Much of the draft guidance document reviews in unexceptional terms the threshold conditions that must be satisfied before an NPDES permit is required, namely:
- There must be an actual discharge of a pollutant;
- The discharge must be from a point source; and
- The pollutant must reach a water of the United States.
The last page and a half of the draft guidance is where things get interesting.
The majority opinion in Maui identifies seven specific factors to consider in determining whether a point source discharge to groundwater that reaches navigable waters requires an NPDES permit. The last page and a half of EPA’s draft guidance adds an eighth factor to the list. The new factor is consideration of system design and performance.
According to the draft guidance document, the design and performance of a system should be viewed as something of a higher-order consideration that “can affect or inform all seven factors identified in Maui.” Thus, if a system’s design and performance slows transit time of the pollutant, increases distance the pollutant travels, promotes dilution, or otherwise affects one of the Maui opinion’s seven enumerated factors, the fact that the system is designed and performing to achieve that result apparently should weigh against requiring an NPDES permit. The draft guidance then proceeds to identify a number of specific systems that would be less likely to require an NPDES permit based on the new eighth factor:
- Septic systems, cesspools, settling ponds and similar systems designed to provide storage or treatment;
- Stormwater controls, infiltration or evaporation systems, green infrastructure, and other runoff management systems; and
- Water reuse, recycling, or groundwater recharge facilities.

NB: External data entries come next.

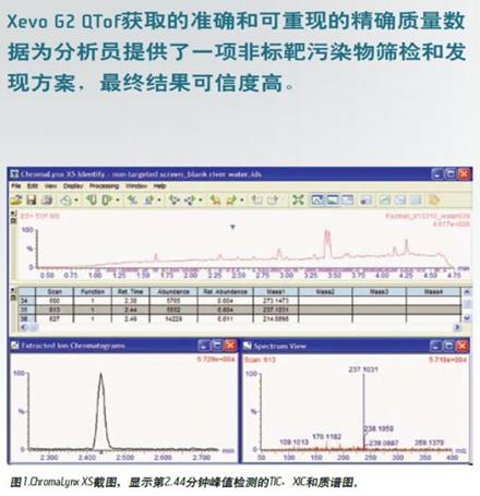 Oasis HLB SPE 提取,快速 ACQUITY UPLC 分離, Xevo G2 QTof 探測以及隨后 ChromaLynxMS 軟件進(jìn)行的數(shù)據(jù)處理成功篩檢了天然河水。
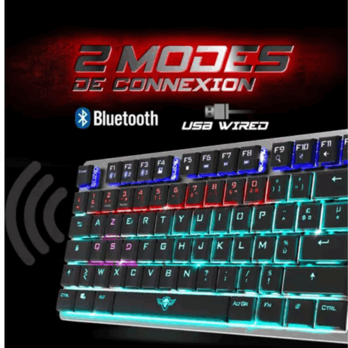 Clavier Mécanique San fil Spirit of Gamer K1300 – Red Switch – Technologie anti-ghosting complète – 3 touches principales – Rétro-éclairage RGB personnalisable (20 modes) – Châssis en aluminium – Connectivité : Bluetooth ou USB – Autonomie de la batterie : 12 heures – Temps de charge : 3 heures – Dimensions de l’appareil : 354 x 126 x 30 mm – Poids : 500g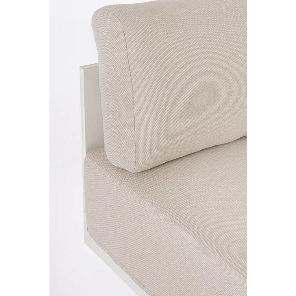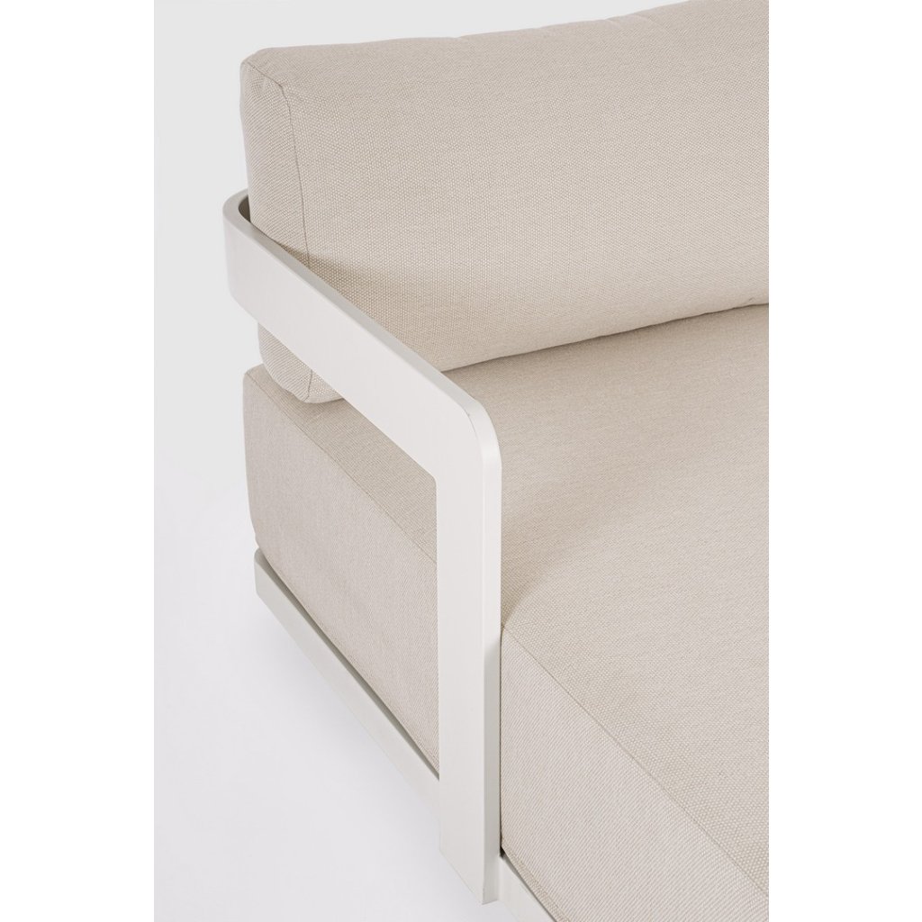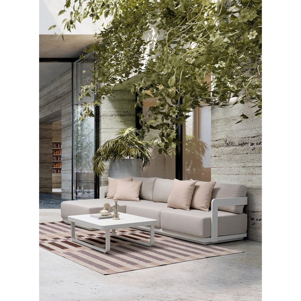 Designový zahradní set MARIEL od italského výrobce stylového nábytku BIZZOTTO. Zahradní sestavu tvoří třímístná rohová pohovka a konferenční stolek. Celá sestava je vyrobena z hliníku s práškovým nátěrem v bílém provedení. Pohovka má vyjímatelné sedací a opěrné polštářky z béžové olefinové voděodolné látky. Díky kvalitnímu materiálu je set odolný a lehký na manipulaci.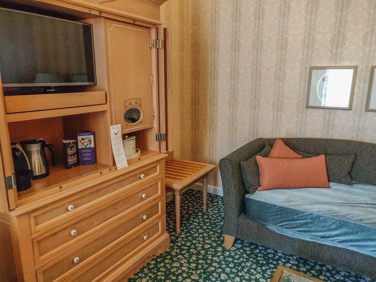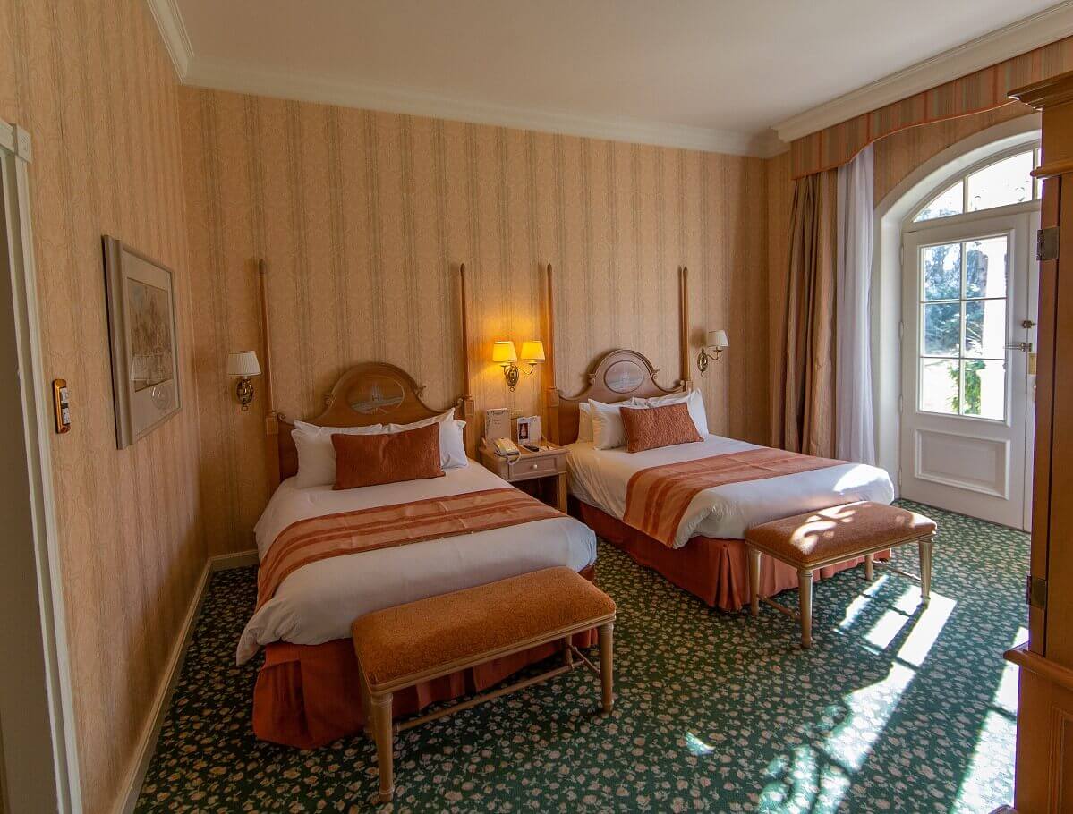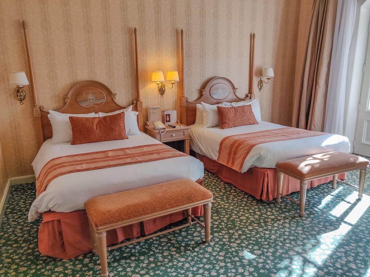 The classic rooms at Disneyland Hotel are equipped with two double beds, so up to four people can stay in one room. There are also special family rooms that can accommodate up to six people.

The draft guidance document implicitly acknowledges that its addition of an eighth factor to the Maui opinion’s list of seven goes beyond mere interpretation of the Court’s decision. The guidance document notes, perhaps somewhat defensively, that the majority opinion in Maui expressly invites EPA to develop interpretive guidance that would illuminate application of the Court’s “functional equivalence” test. The draft guidance document then goes on to claim that the agency’s eighth factor should be given deference under National Cable & Telecomm. Ass’n v. Brand X Internet Serv. even if it is deemed inconsistent with the Court’s opinion in Maui:
Even when an agency’s interpretation of an ambiguous statutory provision differs from a court’s interpretation, an agency may take such a construction because it remains the authoritative interpreter of the statute it administers.
EPA’s explicit call for Brand X deference to the agency’s draft guidance is particularly ironic because the government’s briefs in Maui did not ask for deference to EPA’s interpretation of the statute, and they did not even cite Chevron or Brand X. Moreover, the Court in Maui summarily rejected the formal interpretive statement on discharges to groundwater that EPA issued one month before the government’s merits brief was due.
It is not clear whether the draft guidance will ever be finalized or otherwise survive the transition to the Biden administration. But if it survives, the new eighth factor is likely to be the target of a number of questions. For example, why should a system that is deliberately designed and operated in a manner that delivers pollutants to waters of the United States be given more lenient regulatory treatment than a less deliberate activity that delivers the same amount of pollutants to jurisdictional waters in an otherwise similar manner? Isn’t a system with deliberate design and identifiable performance expectations exactly the kind of operation that fits logically into the scheme of NPDES individual and general permits? And what are we to make of the list of specific systems that are to be given special consideration under the eighth factor? Is this list anything more than a last minute attempt to put a finger on the scales whenever one of the enumerated systems may come under scrutiny for adding pollutants to waters of the United States?
Against this backdrop it is fair to ask whether the draft guidance document offers the kind of assistance in applying the functional equivalence test the Maui Court invited EPA to provide.